Panel: Consequences of Grade Retention and Academic Probation
(Education)

Saturday, November 8, 2014: 8:30 AM-10:00 AM
Dona Ana (Convention Center)

*Names in bold indicate Presenter

Panel Organizers:  Christina LiCalsi-Labelle, Northwestern University
Panel Chairs:  Cassandra Hart, University of California, Davis
Discussants:  Erin Dunlop Velez, American Institutes for Research


The Effect of Florida's Third Grade Retention Policy on High School Course-Taking and Graduation
Guido Schwerdt, LFO Institute for Economic Research, Marcus Winters, University of Colorado, Colorado Springs and Martin West, Harvard University


Recent years have seen a dramatic expansion in the number of states and school districts requiring students to demonstrate basic proficiency on standardized tests in certain grades and subjects in order to be default promoted to the next grade level. Such test-based promotion policies aim to end the common practice of social promotion, or advancing students to the next grade level even if they are academically unprepared. Test-based promotion policies have been in effect for several years in Florida, New York City, and Chicago; they were recently adopted by Oklahoma, Arizona, Colorado, and Indiana; and other states including Ohio, North Carolina, Iowa, New Mexico, and Tennessee are considering similar legislation. Each of these policies focuses at least in part on retaining students who have not demonstrated basic reading proficiency in third grade, often considered a key milestone in students’ academic development.
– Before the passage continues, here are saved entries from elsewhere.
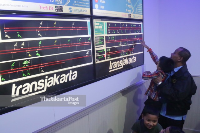 Direktur Utama PT Transportasi Jakarta (Transjakarta) Agung Wicaksono menunjukkan Command Center Transjakarta kepada siswa Sampoerna Academy saat kunjungan ka kantor pusat Transjakarta, Cawang, Jakarta, Selasa, 25/6/2019. Acara tersebut memberikan edukasi kepada siswa untuk mengenal, mempelajari sistem transportasi dan mencintai moda transportasu terbesar di Jakarta tersebut. - JP/Wendra Ajistyatama/vja/19
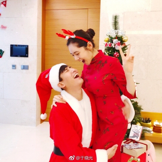 공개된 사진에는 우효광이 산타 복장을 한 채 아내 추자현과 크리스마스 파티를 즐기고 있는 모습이 담겼다.
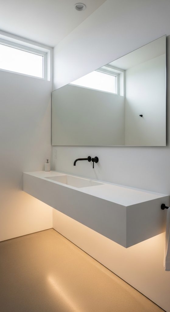 Floating sinks are modern and space-saving. This idea in 10 Trough Bathroom Sink Ideas keeps the floor open, making the bathroom look larger.
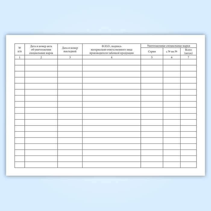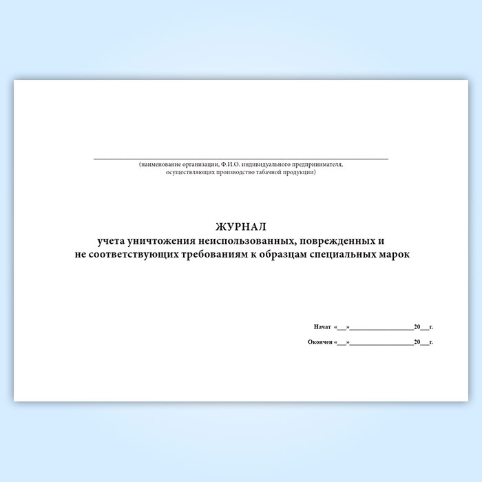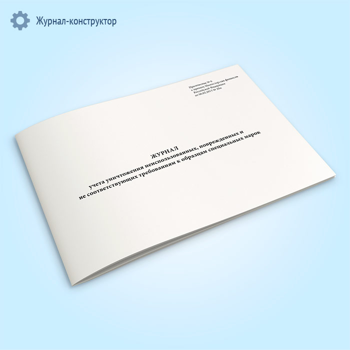 Журнал учета уничтожения неиспользованных, поврежденных и не соответствующих требованиям к образцам специальных марок в Тюмени купить
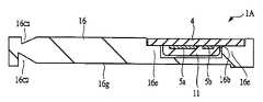 도 4의 (a)는 도 1의 반도체 장치의 길이 방향에서의 보조 기구 장착부의 주요부 확대 단면도.FIG. 4A is an enlarged cross-sectional view of an essential part of an auxiliary mechanism mounting unit in the longitudinal direction of the semiconductor device of FIG. 1.
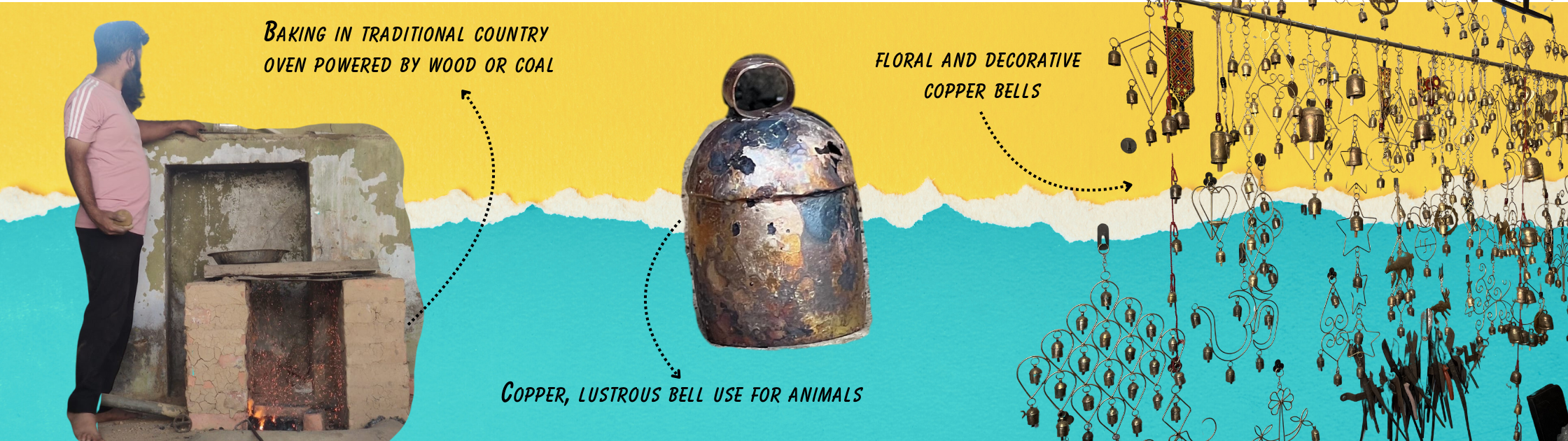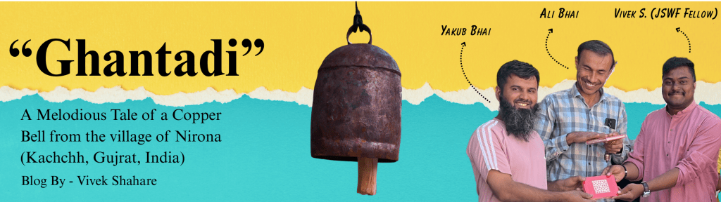 ‘Ali Bhai’, the elder brother of ‘Yakub Bhai’, owns a shop called ‘Copper Bell Art’ in our village, Nirona. In his shop, he showcases us so that those who love us can take us home or give us a space to sing our melodious tunes. He also takes us to various exhibitions all over the country. The craft of making us is over a thousand years old and is believed to have originated in Sindh, now in Pakistan. It was popular among nomadic pastoral tribes who adorned their cattle with bells of distinctive sounds, helping to locate wandering animals. The bell makers, from the Lohar caste in Kutch, have a lineage tied to this craft. In India, communities have a strong bond with animals, celebrating them through festivals like Govardhan Puja and cattle fairs. Over time, as these tribes settled in the Banni region and adopted a more sustainable lifestyle, our use has evolved from practical cattle alerts to contemporary decorative items.
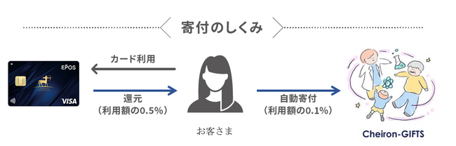 クレジットカードご利用額の0.1%分のポイントをお客さまからお預かりし、ケイロン・イニチアチブに毎月自動的に寄付いたします。また、カード新規入会1件につき1,000円が、エポスカードよりケイロン・イニチアチブに還元されます。寄付金は当面の間、当団体が行う助成金制度「Cheiron-GIFTS」(ケイロンギフツ)に活用します。
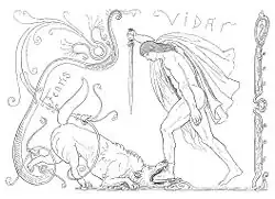 In chapter 51, High foretells that, during Ragnarök, the wolf Fenrir will devour Odin, and Víðarr will avenge him by stepping down with one foot on the lower jaw of the monster, grabbing his upper jaw in one hand and tearing his mouth apart, killing him. Víðarr's "thick shoe" is described as consisting of all the extra leather pieces that people have cut from their own shoes at the toe and heel, collected by the god throughout all time. Therefore, anyone who is concerned enough to give assistance to the gods should throw these pieces away.[7] According to some mythologists, he owed this peculiar footgear to his mother Grid, who, knowing that he would be called upon to fight against fire on the last day, designed it as a protection against the fiery element, as her iron gauntlet had shielded Thor in his encounter with Geirrod.[8]
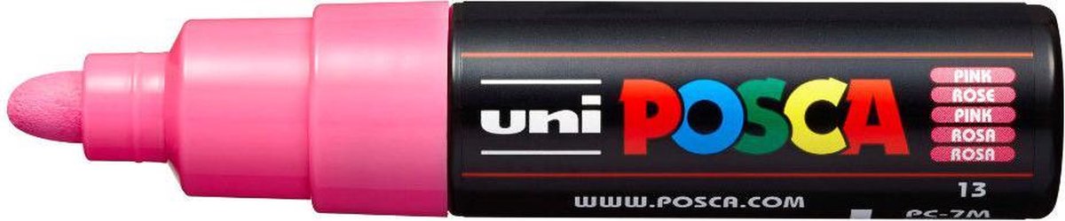 PC-7M 8 mm breed rond Posca PC-7m is de nieuwste UNI Posca Acrylstift. Deze ziet er van de buitenkant hetzelfde uit als de Posca PC-8K maar het verschil zit hem in de punt. De punt van de PC7M is rond en niet rechthoekig zoals de PC8K. Verkrijgbaar in 12 kleuren. De Posca PC-7M heeft een kogelvormige punt, met een dikte van 4.5 tot 5.5mm. De POSCA is een veelzijdige marker die op bijna elk oppervlak kan schrijven. Verder is deze permanente marker vervaagd niet en is waterbestendig. De inkt is kan op onderstaande oppervlakken permanent worden gemaakt door de beschrijving per materiaal toe te passen. - Glas - door 45 minuten in de oven op 160 ° C te bakken - Textiel - door de acterkant te strijken - Metaal, kunststof en hout - door af te spuiten met blanke lak - Terracotta - door gedurende 45 minuten op 220 ° C te bakken - Porselein - door gedurende 45 minuten op 160 ° C te bakken
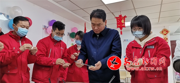隨后,趙俊民來(lái)到項(xiàng)目部職工食堂,與大家一起包餃子吃團(tuán)年飯,其樂(lè)融融迎新年。
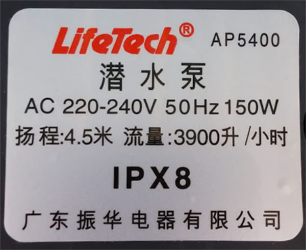 Thông số kỷ thuật máy bơm hồ cá Lifetech AP5400

This panel includes three studies which examine various consequences of Florida’s statewide reading test-score based third grade retention policy. Because the Florida policy relies on a strict score cutoff for determining retention, all three studies employ fuzzy regression-discontinuity designs to determine causal impacts of Florida’s policy. The first study uses linked educational records and birth records to examine the impact of maternal education on the implementation and effectiveness of the Florida retention policy. The second study investigates the impact of the policy on later student misbehavior. The third study looks at the policy’s impact on students’ course choices in high school and their probability of on-time graduation.